The point-and-click adventure genre has had a bit of a resurgence lately, thanks mainly to Telltale’s The Walking Dead and Double Fine’s Broken Age. However, unly Broken Age, King’s Quest has a branching narrative. Unlike The Walking Dead, King’s Quest is full of tough puzzles – and subtlety.
Although he doesn’t call them out by name, Korba doesn’t like modern adventure games that make it clear when players are making a “big decision,” and King’s Quest is more nuanced in its storytelling. Sometimes, the branching paths are clear. For example, in the first King’s Quest episode, A Knight to Remember, Graham needs to find a monster’s eye so that he can enter a tournament. Players can find the eye by talking to the blacksmith (who represents strength), the alchemist (wisdom), or the baker (compassion), and completing their respective missions.
But King’s Quest can be less direct, too. Some dialogue options may not seem important, but characters will react differently to Graham depending on what he said earlier. Some puzzles have multiple solutions, which tie in to one of the game’s three thematic pillars. Korba estimates that the first chapter of King’s Quest alone has more branches than any other branching adventure game, and it’ll take many playthroughs for players to find them all.
The different branches gave Korba the freedom to put in some hard puzzles, too; if one branch proves too difficult, players can always try another, easier one.
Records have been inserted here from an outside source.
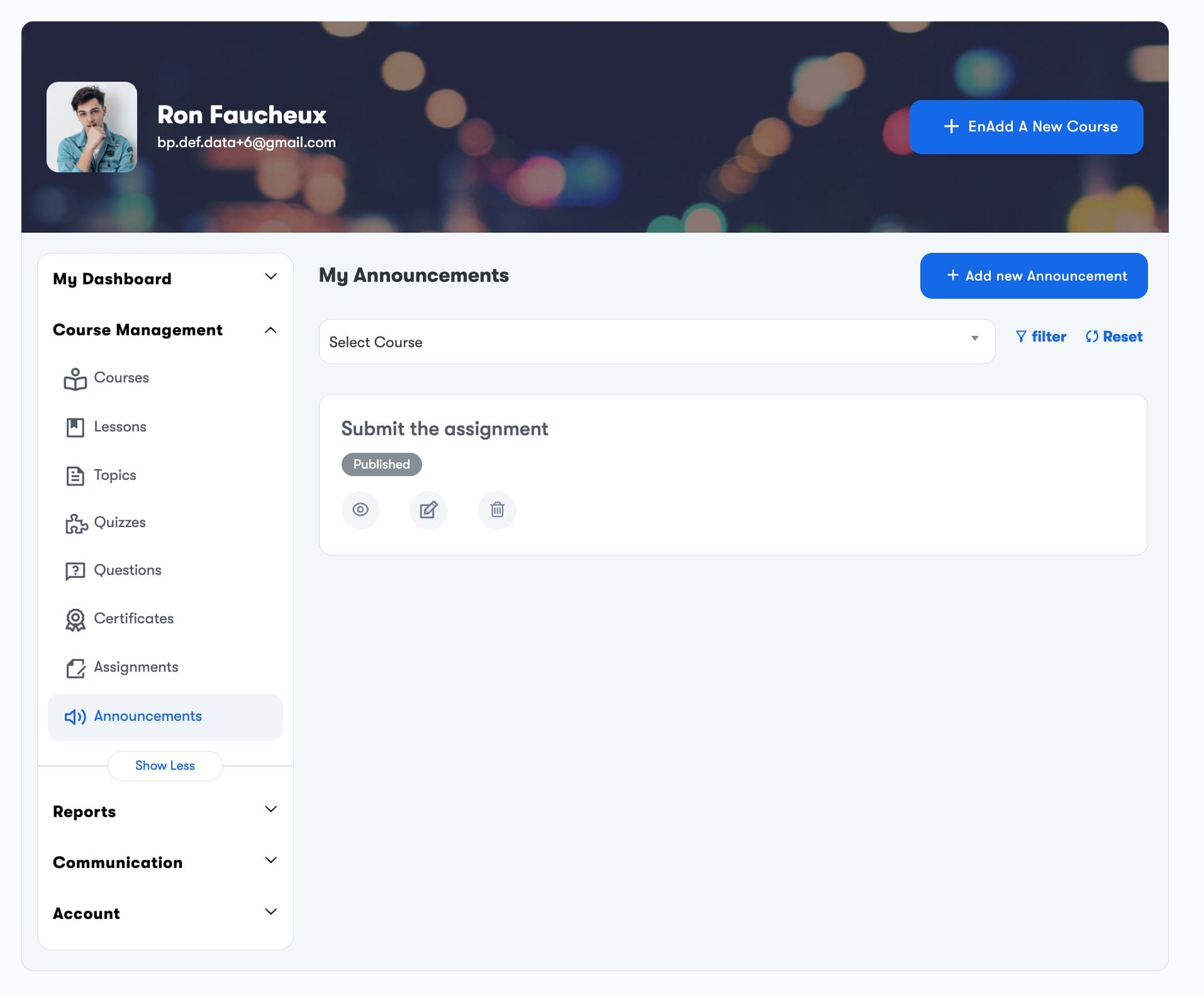 Select Course: Select the courses for which you want to create the announcement.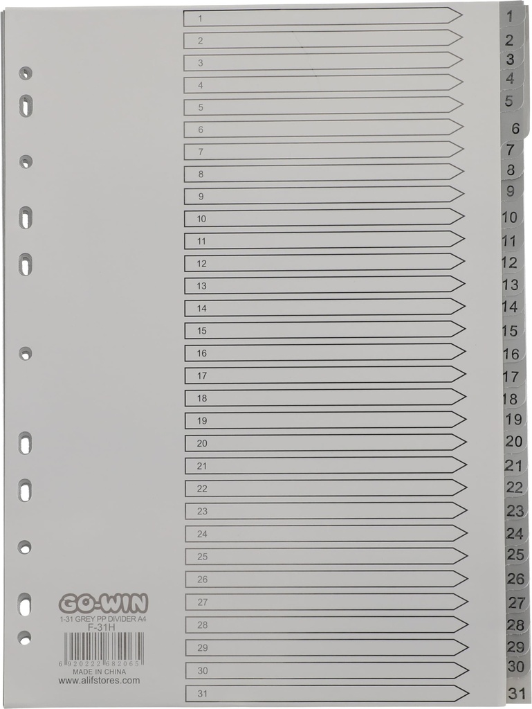 Divider Index 1-31 Grey PP A4 Grey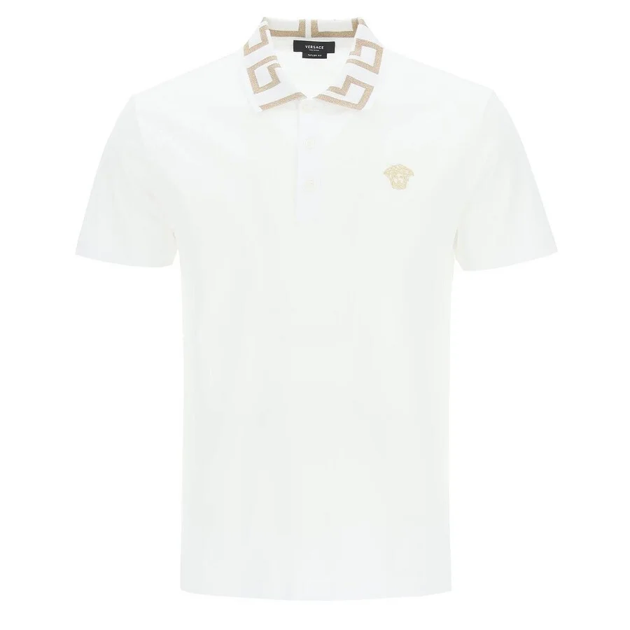 Versace Men's Tops. Fashion category: Shirts & Blouses. SKU: A87402-1A01552-A1001. Color: Optical White. Versace Men's Optical White Greca Embroidered Polo Shirt. Crafted from cotton pique, this polo shirt features the Greca motif on the collar in metallic threading with an embroidered Medusa at the chest, short sleeves, pointed collar and three-button placket. Outer: 100% Cotton. Embroidery: 60% Metallised polyester, 40% Viscose. GENERAL Brand Type: Designer Color: Optical White INFORMATION Brand: Versace Gender: Mens Model: A87402-1A01552-A1001 DETAILS Category: Tops Apparel Type: Shirts & Blouses ADDITIONAL INFO Jomashop Sku: -A874021A01552A1001 Department: Clothing
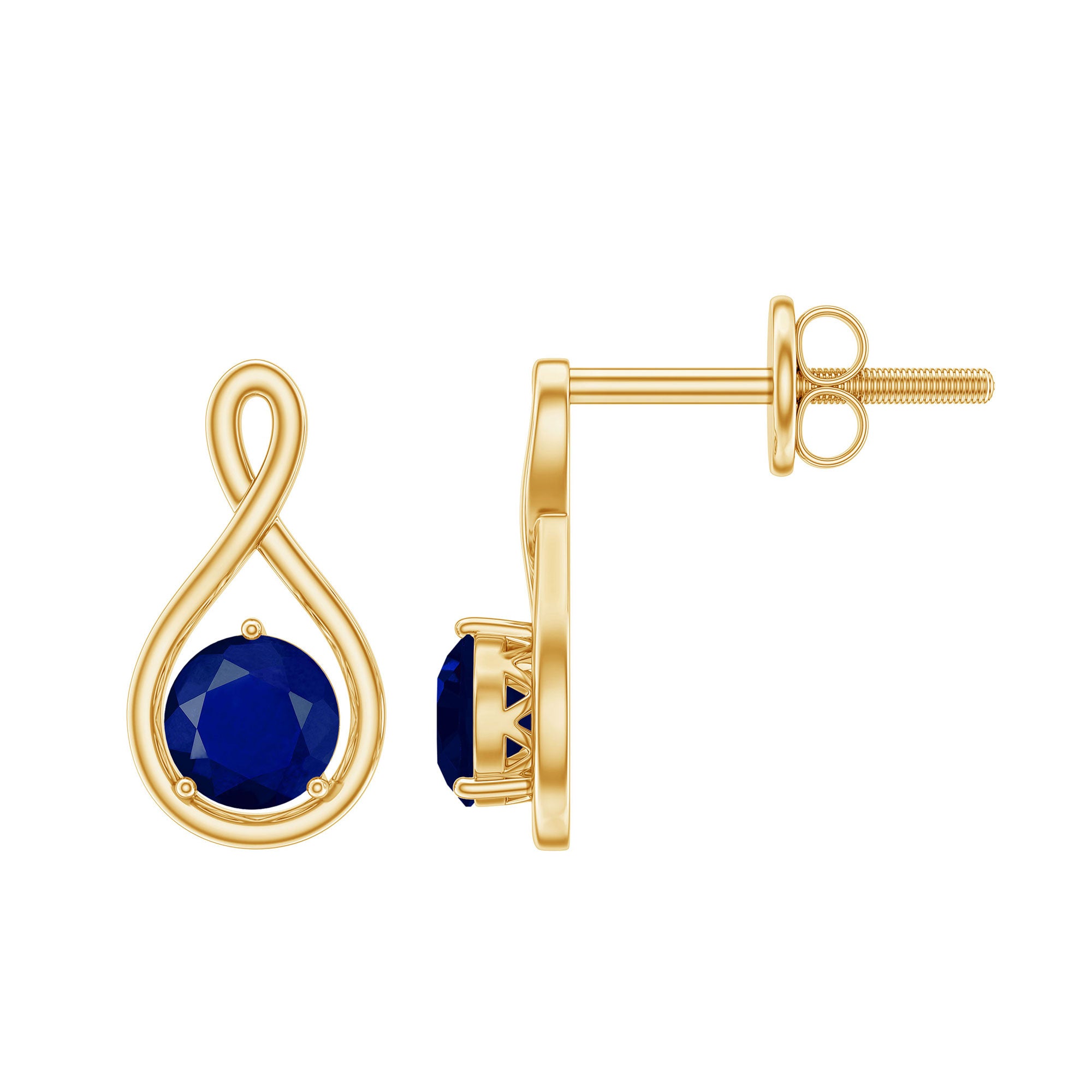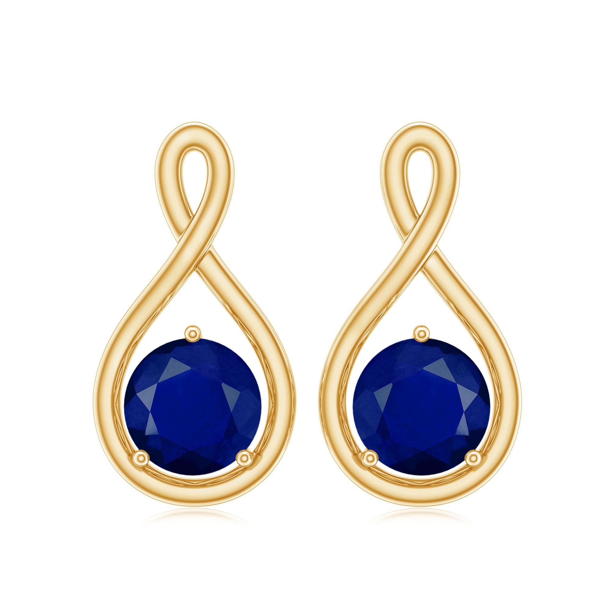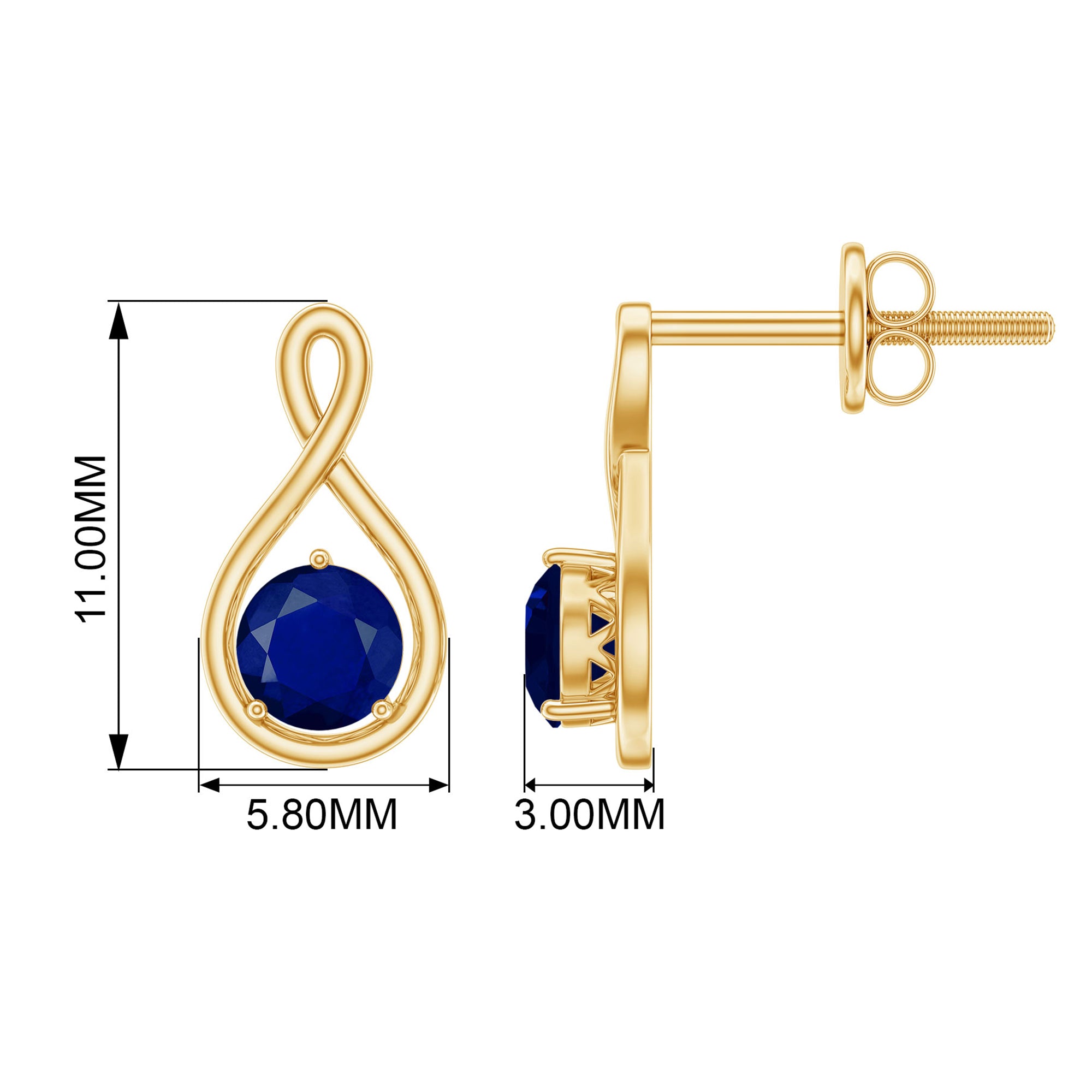 Adorn these beautiful pair of Infinity Earrings, an elegant symbol of endless love and infinite possibilities. These Infinity Stud Earrings are adorned with a stunning Round Cut Blue Sapphire Solitaire, set in the center of the infinity symbol and delicately placed on a gold flower in a secure Prong Setting. Add a touch of sophistication and elegance to any outfit with these exquisite earrings.

At its core, King’s Quest is a traditional adventure game, and most of the puzzles involve collecting objects, using them at the right and place time (or giving them to the right people), and interacting with the environment in just the right way.
There are also some minigames, which were inserted into the game when it was appropriate for the story (the demo featured a dance-off with a bridge troll, which Korba says is the only place that minigame will appear). Oh, and players can die, although a generous checkpoint system means that death is more of a comedic aside than a real punishment.
The game’s models look hand-painted because they actually are: The Odd Gentleman’s art team printed out the 3D models, added watercolors by hand, and then scanned them back into the computer to be used as textures. King’s Quest is also laugh out loud funny, and it’s filled with content. At the very beginning of the game, if Graham starts walking the wrong way, the narrator gently chides him and turns him around. That’s not the end of it. Graham can try to head the wrong way again and again; it’s only after about eight attempts, each with its own line of dialogue, that the path closes entirely.
King’s Quest is full of that sort of thing; it’s Korba’s first game with a branching narrative, and as he says, “We went overboard.” Ultimately, King’s Quest will be better for it. While the game’s broken down into five chapters, each one stands alone. Graham will get older over the course of the game, but otherwise, every episode tells its own story.
The first chapter comes out in about a month, and Korba’s nervous. He shouldn’t be. The game is funny, attractive, and compelling; it’s not going to be everybody’s cup of tea, but for old-school adventure fans, it doesn’t get much better. Rest easy; the King has returned.
King’s Quest is in development for Xbox One, PlayStation 4, and PC. The first episode, A Knight to Remember, will come out at the end of July, 2015.